The second additional analysis examined the alignment of the reads to a specific gene required⁴⁹ for replication and protein production in actively dividing Salmonella—elongation factor Tu (ef-Tu). This was done by aligning the reads to 4846 gene sequences for ef-Tu extracted for a larger corpus of Salmonella genomes from the Functional Genomics Platform (formerly OMXWare)⁵⁰. The relative abundances of this transcript in culture-positive samples were still comparable to culture-negative samples (Fig. 7c). Culture-positive samples did not exhibit higher ranks compared to culture-negative samples (P = 0.56, Table 2), indicating that ef-Tu relative abundance alone was not sufficient to improve the lack of concordance in culturability vs sequencing. These two orthogonal analyses demonstrated that results from carefully developed culture-based testing and those from current high-throughput sequencing technologies, whether assessed at overall reads aligned or specific gene abundances, were not conclusively in agreement when detecting active Salmonella in food samples (Fig. 7 and Table 2).
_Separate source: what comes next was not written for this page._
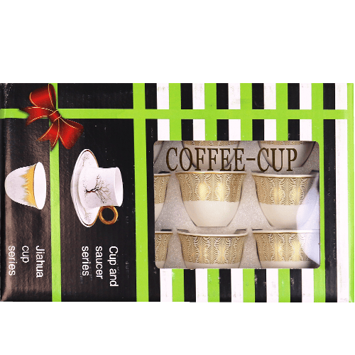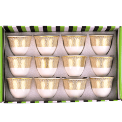 This product is a set of 12 elegant porcelain coffee cups from the Jahua series. Perfect for enjoying Arabic coffee, Turkish coffee, or espresso with friends and family. Made from high-quality ceramic. The set does not include saucers. Main ingredient: porcelain/ceramic.
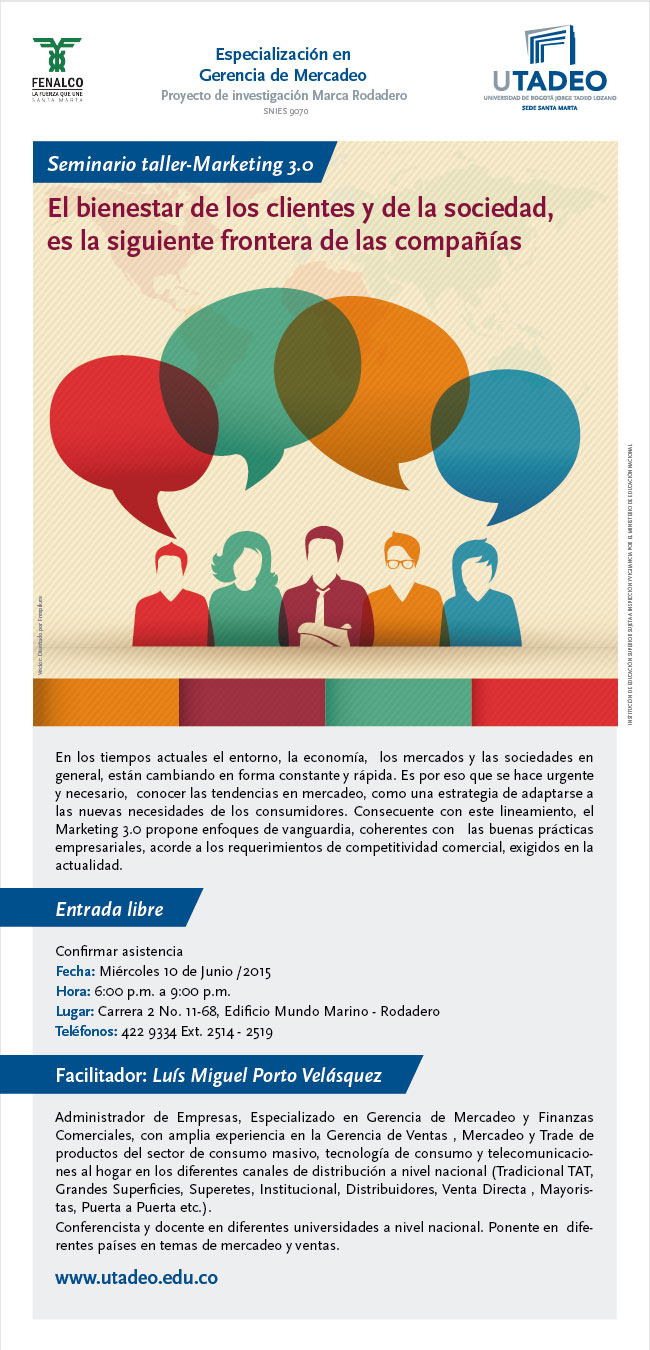 SeminariosSeminario taller Marketing 3.0Fecha del evento: Miércoles, Junio 10, 2015 - 18:00Fecha fin del evento: Miércoles, Junio 10, 2015 - 21:00 Compartir en Entrada libre seminario_taller_marketing_3.0_fenalco-utadeo_especializacion_en_gerencia_de_mercadeo_santa_marta-junio_10_2015.jpg PDF Pieza digital Seminario Taller Marketing 3.0

However, the use of a reference database enriched in whole-genome sequences of the specific organism of interest was found appropriate for food safety applications.
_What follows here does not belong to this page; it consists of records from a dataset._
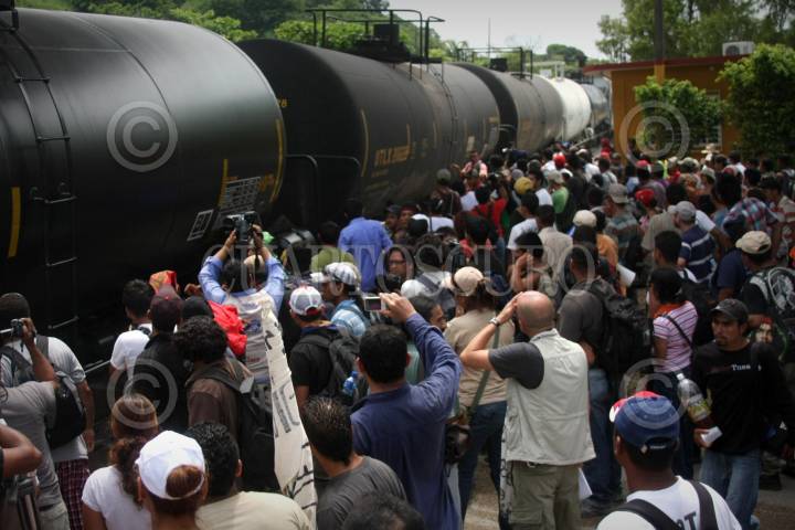 COATZACOALCOS, VERACRUZ., 29JULIO2011.- Cientos de migrantes centroamericanos recorrieron las principales calles de esta ciudad, acompañados del sacerdote defensor, Alejandro Solalinde Guerra, en donde exigieron a las autoridades de los tres niveles de gobierno y a la delincuencia organizada frenaran las agresiones y secuestros en su contra, la protesta se llevó a cabo en el marco de la caminata Paso a Paso por la Paz. FOTO: FÉLIX MÁRQUEZ/CUARTOSCURO.COM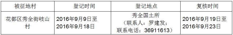 (二)本次征收土地所涉及的被安置农业人员由各被征地村村以货币补偿的形式安置。请各被征地村在本公告期内到花都区国土房管分局领取办理安置农业人口征地农转非手续的函件。
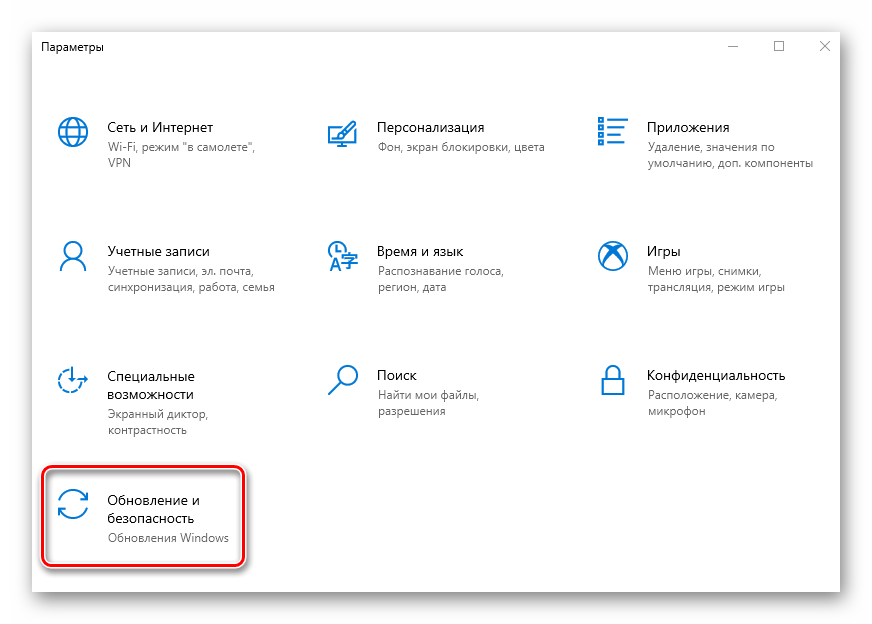 - Разверните окно «Параметры» путем нажатия комбинации клавиш «Win+I». Из него перейдите в категорию «Обновление и безопасность».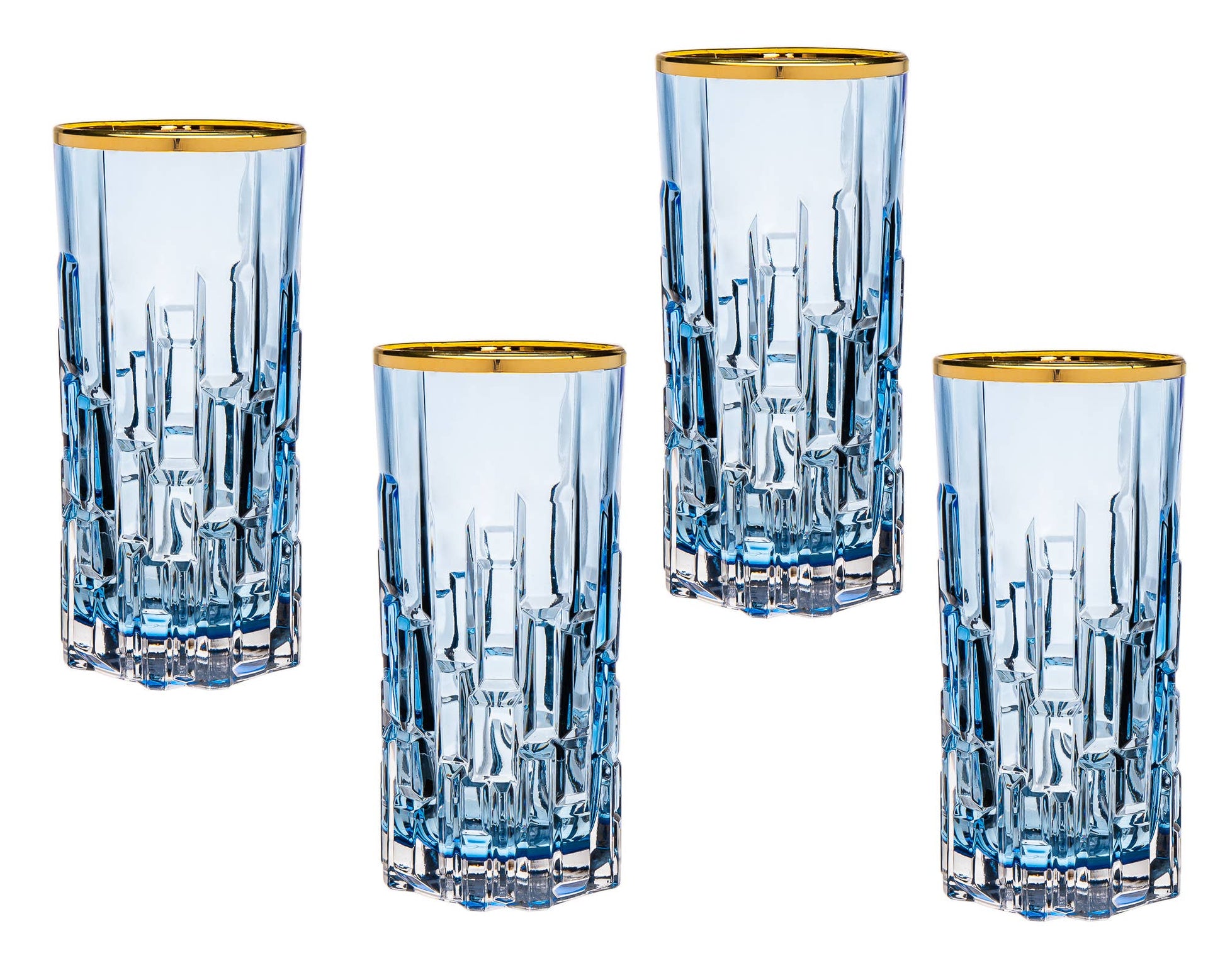 Blue Crystal Highball Glasses with Gold Rims - Set of 4

Since microbes compete for available resources within an environmental niche and therefore impact one another⁵¹, we investigated Salmonella culture results in conjunction with co-occurrence patterns of other microbes in the total RNA sequencing data (Fig. 8). Point-biserial correlation coefficients (r_pb) were calculated between Salmonella culturability results (presence or absence which were available for 27 of the 31 samples) and microbiome relative abundance. We observed 31 genera that positively correlated and with Salmonella presence (r_pb > 0.5). Erysipelothrix, Lactobacillus, Anaerococcus, Brachyspira, and Jeotgalibaca exhibited the largest positive correlations. Gyrovirus was negatively correlated with Salmonella growth (r_pb = −0.54). In three of the four Salmonella-positive samples (MFMB-04, MFMB-20, and MFMB-38), food matrix contamination was also observed (Supplementary Data in Haiminen et al.¹⁶). The concurrency of Salmonella growth and matrix contamination was affirmed by the microbial co-oc
currence (specifically Erysipelothrix, Brachyspira, and Gyrovirus). This highlights the complex dynamic and community co-dependency of food microbiomes, yet shows that multiple dimensions of the data (microbiome composition, culture-based methods, and microbial load) will signal anomalies from typical samples when there is an issue in the supply chain.